If I have for example this snippet of code:

knn = KNeighborsClassifier()
grid_search_knn = GridSearchCV(
    estimator=knn,
    n_jobs=-1)

Do I have to set it like this:

knn = KNeighborsClassifier(random_state=42)

grid_search_knn = GridSearchCV(
    estimator=knn,
    n_jobs=-1
)

Or do I have to set it like this?

knn = KNeighborsClassifier(random_state=42)

grid_search_knn = GridSearchCV(
    estimator=knn,
    random_state=42,
    n_jobs=-1
)

what is the correct why? And what if I use randomisedsearch instead of gridsearch?


Solution

  • In this case, setting the random_state depends on the specific algorithm you’re using, rather than on the GridSearchCV or RandomizedSearchCV class.
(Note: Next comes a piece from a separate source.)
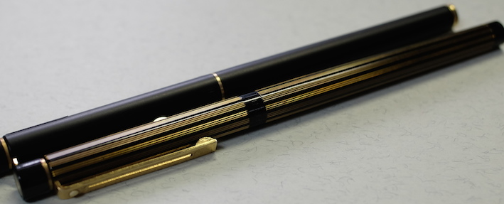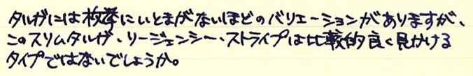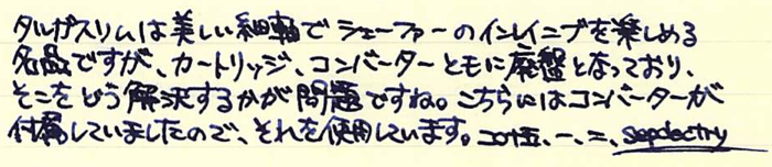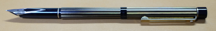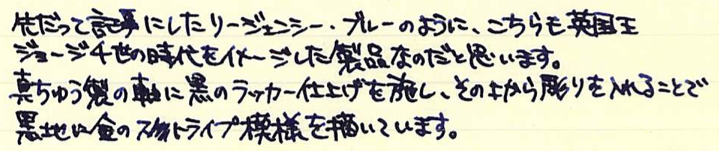 レビュー:SHEAFFER スリム・タルガ リージェンシー・ストライプ Category:筆記具 Date:2015年01月02日 新年明けましておめでとうございます。今年もよろしくお願いします。今年の新年筆はこちら、シェーファーはタルガスリムのリージェンシーストライプです。タルガスリムは既にブラックラッカー軸を持っていますので、二本目ということになります。 細軸で太字を書く・・・というのは何とも心地よいというか、贅沢な行為だと思います。このスリムタルガはMですが、国産で言うとBくらいの字幅でしょうか。 スリムタルガだけでも本当に色んな軸があり、本家タルガとなるとそれはもう数えきれないほどのバリエーションがありますね。コレクター人気が高いのも頷けるような・・・。このリージェンシーストライプはキングダムノートさまで購入しました。 調べてみたところ、確かにジョージ4世時代にリージェンシーストライプと言う名前の模様が流行ったようで、ソファなどの家具の布地によく使われたそう。定義は難しいですが、細めのストライプを束にして無地の部分とのコントラストを出すような模様のようです。このスリムタルガもそういった意匠が感じられますね。 この角度で見ると、シェーファーの上に反ったニブがはっきりと分かりますね。XF字幅のモデルよりも、Mのペンポイントが付いたことで、よりシェーファーらしい書き味になっていると思います。フローも良好。滑るように筆記することができます。 海外オークションのサイトでは、このコンバーターが恐ろしい値段で取引されているようで、ちょっとびっくりしています。スリムタルガ自体、海外の方が人気があるのかも知れませんね。 PR

    For KNeighborsClassifier, adding random_state is actually unnecessary because this classifier is a deterministic algorithm, meaning it doesn’t rely on randomness to make predictions. Therefore, it won’t be affected by a random_state parameter. As a result:

    1. For KNeighborsClassifier: You don’t need to set random_state at all in either the classifier or in the GridSearchCV/RandomizedSearchCV.

    2. For Randomized Algorithms: If you’re using an algorithm that involves randomness, like a decision tree or a random forest, you can set the random_state in the estimator (like RandomForestClassifier(random_state=42)). You don’t need to set random_state in GridSearchCV, as it only influences the cross-validation process, which is deterministic.

    In summary:

    • For KNeighborsClassifier: No random_state is needed.
    • For Randomized algorithms: Set random_state in the estimator, not in GridSearchCV/RandomizedSearchCV.
    • For RandomizedSearchCV: You might set random_state there if the search itself is randomized and you want reproducibility.